Plaintiff contend that she "relied on the defendant's misrepresentations and omissions in deciding to enroll at one of the Bridgepoint's academic institutions . . ." (ECF No. 15 at 10). Plaintiff contends that her claims for negligent misrepresentation is not subject to a heightened pleading standard.
The elements of a claim for fraud are: "(1) a misrepresentation, which includes a concealment or nondisclosure; (2) knowledge of the falsity of the misrepresentation, i.e., scienter; (3) intent to induce reliance on the misrepresentation; (4) justifiable reliance; and (5) resulting damages." Cadlo v. Owens-Illinois, Inc., 125 Cal. App. 4th 513, 519 (2004) (citing Small v. Fritz Cos., Inc., 30 Cal. 4th 167, 173 (2003)). "The same elements comprise a cause of action for negligent misrepresentation, except there is no requirement of intent to induce reliance. "In both causes of action, the plaintiff must plead that he or she actually relied on the misrepresentation." Id. (citing Mirkin v. Wasserman, 5 Cal. 4th 1082, 1088-89 (Cal. 1993)). "It is well-established in the Ninth Circuit that both claims for fraud and negligent misrepresentation must meet Rule 9(b)'s particularity requirement." Neilson v. Union Bank of Cal., N.A., 290 F. Supp. 2d 1101, 1141 (C.D. Cal. 2003); see also Lorenz v. Sauer, 807 F.2d 1509, 1511-12 (9th Cir. 1987) ("Under California law, negligent misrepresentation is a species of actual fraud. . . .").

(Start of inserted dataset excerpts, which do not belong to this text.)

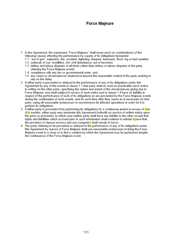 Produkter taggade med 'majeure force majör majur klausul engelsk engelska english avtal lång utförlig omfattande detaljerad'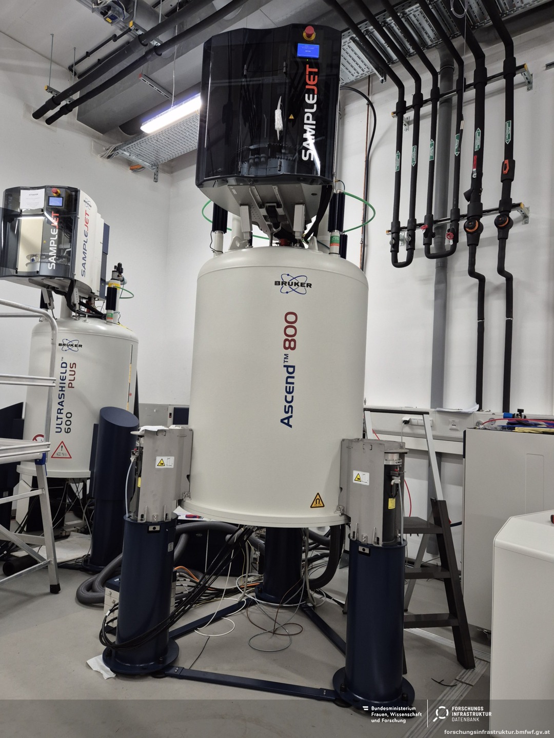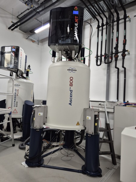 Hochfeld 800 MHz NMR-Spektrometer mit Avance Neo X Konsole für die Metabolomik und Strukturbiologie von Biomolekülen und biomolekularen Komplexen. Das System besteht aus einem 18,8 Tesla Magneten mit 1H/19F/13C/15N TCI (cryo)- und 1H/13C/15N TXI Probenköpfen sowie einem temperaturgeregelten SampleJet-Probenwechsler für bis zu 500 Proben. Unser System ist das weltweit erste 800 MHz IVDr-System (In Vitro Diagnostics Research) für standardisierte und hochdurchsatzfähige NMR-basierte Metabolomik und klinische Stoffwechselanalysen.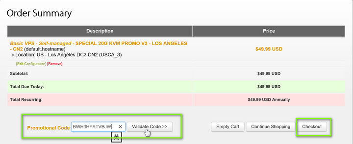 搬瓦工会定期发布优惠码,只需要在 Promotional Code 输入框里填入优惠码“BWH3HYATVBJW”,既可以享受6.85%的优惠。然后,点击下方的“Checkout”,进入结算环节。

As discussed above, Plaintiff has failed to allege sufficient facts to show that Defendants made any misrepresentations to her or that she relied on Defendants' misrepresentations. Plaintiff's conclusory allegations regarding general misrepresentations do not "provide the 'grounds' of [their] 'entitle[ment] to relief.'" Bell Atl. Corp. v. Twombly, 550 U.S. at 555; see also Ashcroft v. Iqbal, 129 S. Ct. at 1950. Accordingly, Defendants' Motion to Dismiss Plaintiff's sixth claim for negligent misrepresentation is granted.

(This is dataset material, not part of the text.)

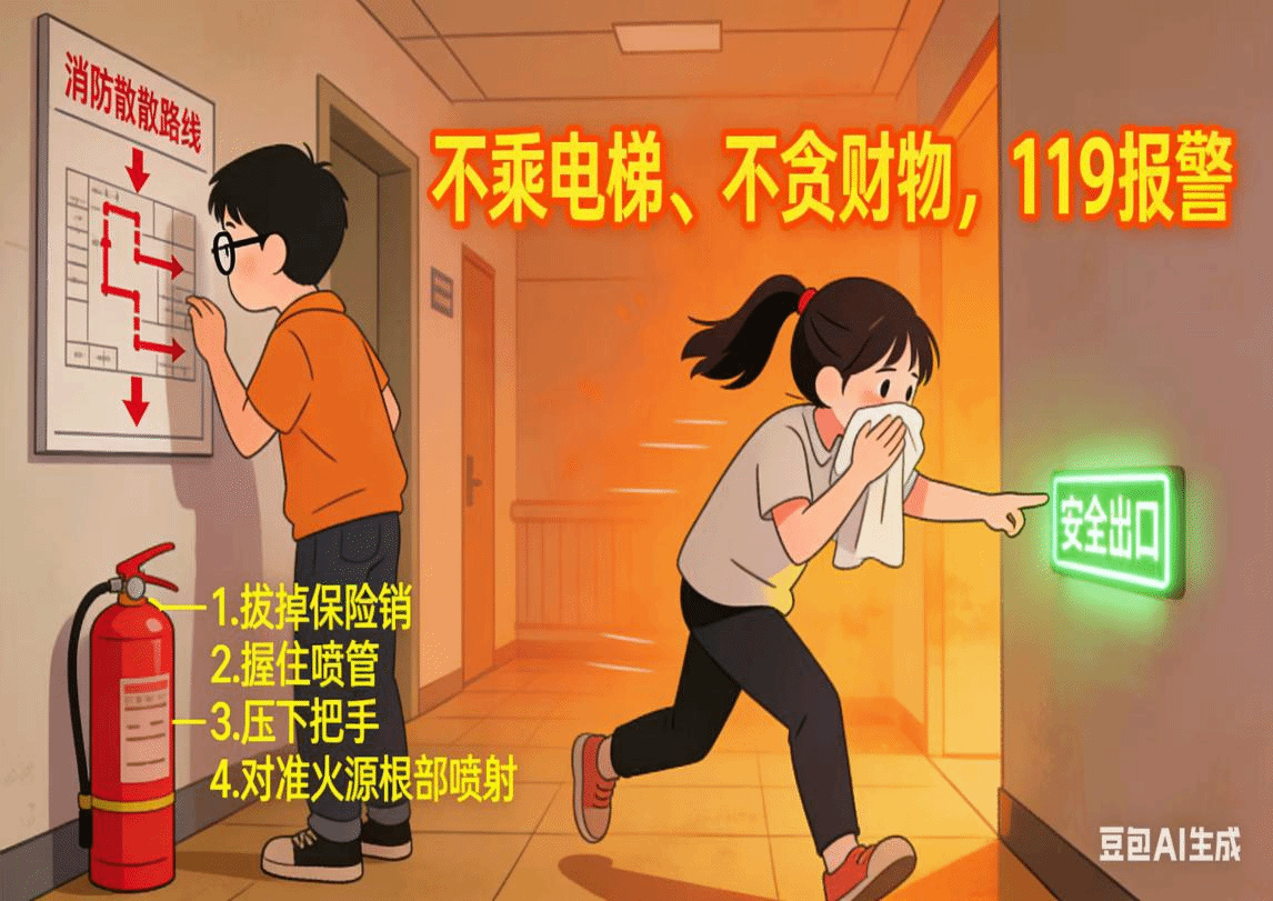 发现火情及时报警,并学会低姿捂鼻速逃生

Defendants have also filed a Motion to Strike. The Complaint is dismissed; accordingly, the Motion to Strike (ECF No. 13) filed by Defendants Bridgepoint Education, Inc., Ashford University, and University of the Rockies is DENIED as moot.
V. Conclusion
IT IS HEREBY ORDERED that the Motion to Dismiss (ECF No. 12) filed by Defendants Bridgepoint Education, Inc., Ashford University, and University of the Rockies is GRANTED. Plaintiff's Complaint is DISMISSED. The Motion to Strike (ECF No. 13) filed by Defendants Bridgepoint Education, Inc., Ashford University, and University of the Rockies is DENIED as moot. Plaintiff may file a motion for leave to file a first amended complaint, accompanied by a proposed first amended complaint, within thirty days from the date of this order. If no motion is filed, the case will be dismissed without prejudice.